* **COLLECTED DATA**:
Content starts

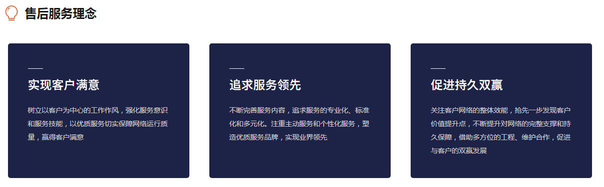 为确保技术支持和售后服务的质量,完全满足客户对技术和服务的需求,我公司建立了以总部热线服务部为中心、区域技术支持团队为主体的二级完善服务体系。各省技术支援部准确快捷地为客户提供技术支持与售后服务。
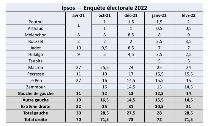 On pouvait s’imaginer que la part de l’électorat de gauche tentée en 2017 par le vote Macron dès le premier tour reviendrait vers la gauche, une fois survenues les premières désillusions. Le grand retour n’a pas eu lieu. Les deux mois qui restent peuvent changer encore beaucoup de choses. Ils risquent certes de ne pas bousculer le rapport entre la droite et la gauche, dont la stabilité contraste avec l’indécision des personnes sondées. Mais l’ultime séquence peut modifier sensiblement les équilibres au sein de chaque « famille ». Cela peut compter, dans une élection où le « ticket d’entrée » au second tour risque d’être bas (autour de 15-16%), comme en 2002 (où il était entre 16 et 19%). Si persiste ce constat, tout est possible sur le papier, à droite comme à gauche.
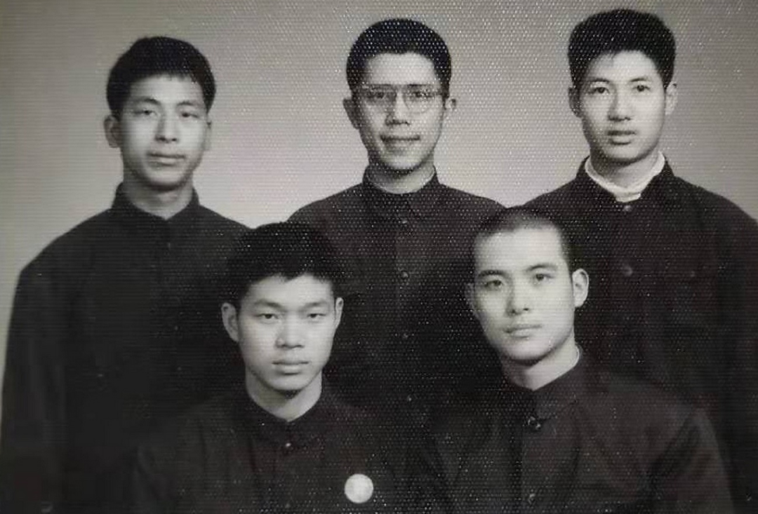 铁哥们同学毕业前的合影,自左向右依次为郑润中67(6)、夏青68(1)、王念同67(6)、黄晓河68(5)、作者68(6)
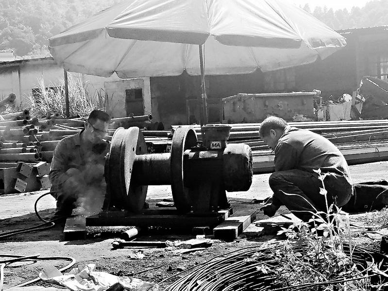 今年以來(lái),福建煤電公司龍?zhí)睹旱V在機(jī)電隊(duì)中開展“機(jī)電設(shè)備限時(shí)搶修不過(guò)班”活動(dòng),有效確保了設(shè)備能夠及時(shí)搶修。圖為8月27日,該礦機(jī)電修人員正在為井下提升設(shè)備加工焊制底座。(陳思忠攝影報(bào)道)

Content ends

* **TRY IT**: Reproduce exactly and only the lines from the line that contains "铁哥们同学毕业前的合影,自左" to the end of the data above, both ends included. No pictures go in the copy.

* **ANSWER SECTION**:
 铁哥们同学毕业前的合影,自左向右依次为郑润中67(6)、夏青68(1)、王念同67(6)、黄晓河68(5)、作者68(6)
 今年以來(lái),福建煤電公司龍?zhí)睹旱V在機(jī)電隊(duì)中開展“機(jī)電設(shè)備限時(shí)搶修不過(guò)班”活動(dòng),有效確保了設(shè)備能夠及時(shí)搶修。圖為8月27日,該礦機(jī)電修人員正在為井下提升設(shè)備加工焊制底座。(陳思忠攝影報(bào)道)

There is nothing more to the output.